Here the other day I was out and seen someone out fertilizing his field over snow. I have never seen anyone do this and it struck me as being odd. We always fertilized in the spring. Are there any advantages to doing this. The one thing I can see is you definitely know where you have been.


----------



## RuttedField (Apr 24, 2016)

It is against the law here, and also was against the law over in Ireland when I was there.

Its not a stupid law, it causes the fertilizer/manure to just get washed into the watersheds when the snow melts.

I am no environmentalist by any stretch of the imagination, but waste is waste, and spending good money on fertilizer/moving manure just to foul watersheds is silly financially, and unethical as far as I am concerned.
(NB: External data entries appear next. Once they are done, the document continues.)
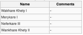 Known rulers in the Ninth Dynasty are as follows (dates are uncertain):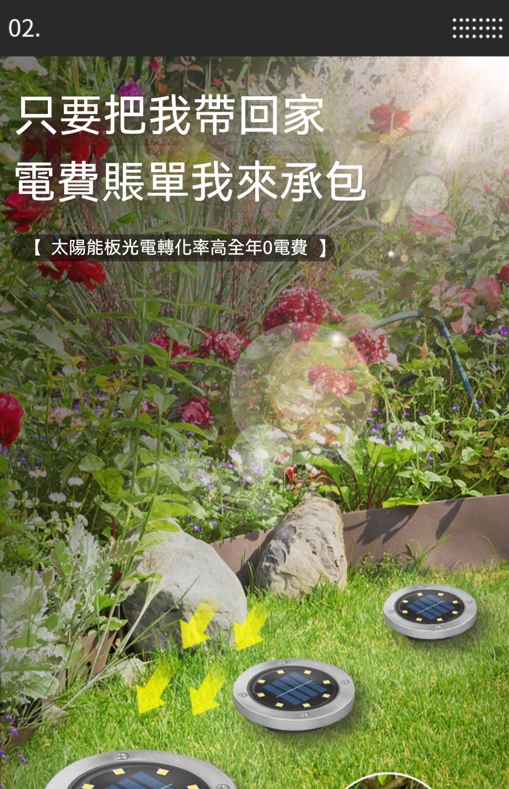 【庭院魔法師!】太陽能地理燈|IP65防水×天黑自動亮×0電費×滿電可亮48小時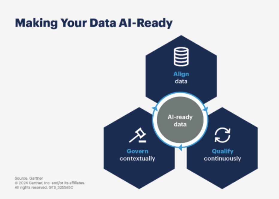 Image: Diagram showing how AI-ready data is created by aligning data, governing it contextually, and qualifying it continuously | Source: Gartner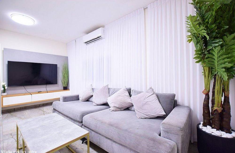 סלון מעוצב עם מערכת ישיבה ומולה טלוויזיה עם חיבור ל-HOT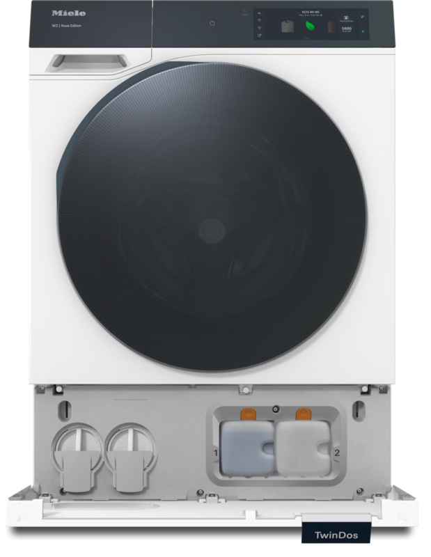 • TwinDos® s prepoznavanjem kartuš. Inteligenten avtomatski dozirni sistem. Prihranite do 40 % na detergentu zahvaljujoč natančnemu odmerjanju za vsako pranje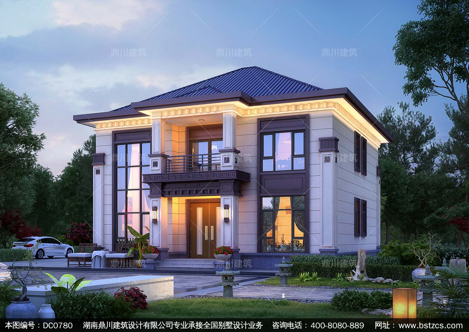新中式二層帶露臺小別墅圖紙效果圖_農村兩層自建房設計,鼎川建

Now here in Maine we can go to the Commissioner of Agriculture, as a variance on the law, but that is granted only if your manure pit is about to overflow. Then it makes sense to disperse it over acreage instead of in a concentrated spot.


----------



## rjmoses (Apr 4, 2010)

CowboyRam said:


> Here the other day I was out and seen someone out fertilizing his field over snow. I have never seen anyone do this and it struck me as being odd. We always fertilized in the spring. Are there any advantages to doing this. The one thing I can see is you definitely know where you have been.


What were they spreading? Manure or dry fertilizer?

Ralph


----------



## Lostin55 (Sep 21, 2013)

It would pay to remember that we are in the high desert. Largely sandy soil. There is rarely run-off from farm fields when the snow melts.

With that being said I have tried to catch the last big snow storm in the spring several times. The heavy wet snows. It melts the fertilizer into the ground as opposed to washing it into the waste ditch with the first irrigation.

It is usually exactly the opposite of what was described above.


----------



## CowboyRam (Dec 13, 2015)

It was dry fertilizer


----------



## slowzuki (Mar 8, 2011)

It's a very dumb idea if it was nitrogen. If it was potash maybe they will be ok. Phosphorus not good practice.


----------



## Teslan (Aug 20, 2011)

I like to do it right before a snow. In fact every other time we fertilize I do it right before irrigation. Like Lostin55 says very little runoff from snow. Has to be a huge rain and previously wet ground for it to run off due to rain. If I somehow knew that the snow on the ground was the last snow of the season I would spread it on top also.


----------



## Lostin55 (Sep 21, 2013)

I just pick a time when it has snowed, usually March or April, when the snow is really heavy and wet and have at it. Hopefully it is one of the last storms. The again, I have irrigated in 8 inch of snow in May also.


----------



## slowzuki (Mar 8, 2011)

Depends where you live, here all snow runs off. Frozen saturated clay soils under the snow guarantees run off.



Teslan said:


> I like to do it right before a snow. In fact every other time we fertilize I do it right before irrigation. Like Lostin55 says very little runoff from snow. Has to be a huge rain and previously wet ground for it to run off due to rain. If I somehow knew that the snow on the ground was the last snow of the season I would spread it on top also.


----------



## JD3430 (Jan 1, 2012)

I made the mistake of applying it on a smaller field on 1/2" of snow once. It actually starts snowing half way through a field and I needed to finish. When I was applying it, it would instantly melt the snow and I had some run off. Luckily no big deal, but another hard lesson learned from teaching myself how to farm.


----------



## Teslan (Aug 20, 2011)

slowzuki said:


> Depends where you live, here all snow runs off. Frozen saturated clay soils under the snow guarantees run off.


Yep differences in location make it a difference on how fertilizer is applied. Also here there is a very good chance that if you don't apply fertilizer with snow in March you won't have any moisture for a month or so and the irrigation water might not be available until the middle of May for some. So it's a good idea to have the fertilizer soak into the soil when you get a chance. So some practices aren't as dumb as it may seem depending on the area.


----------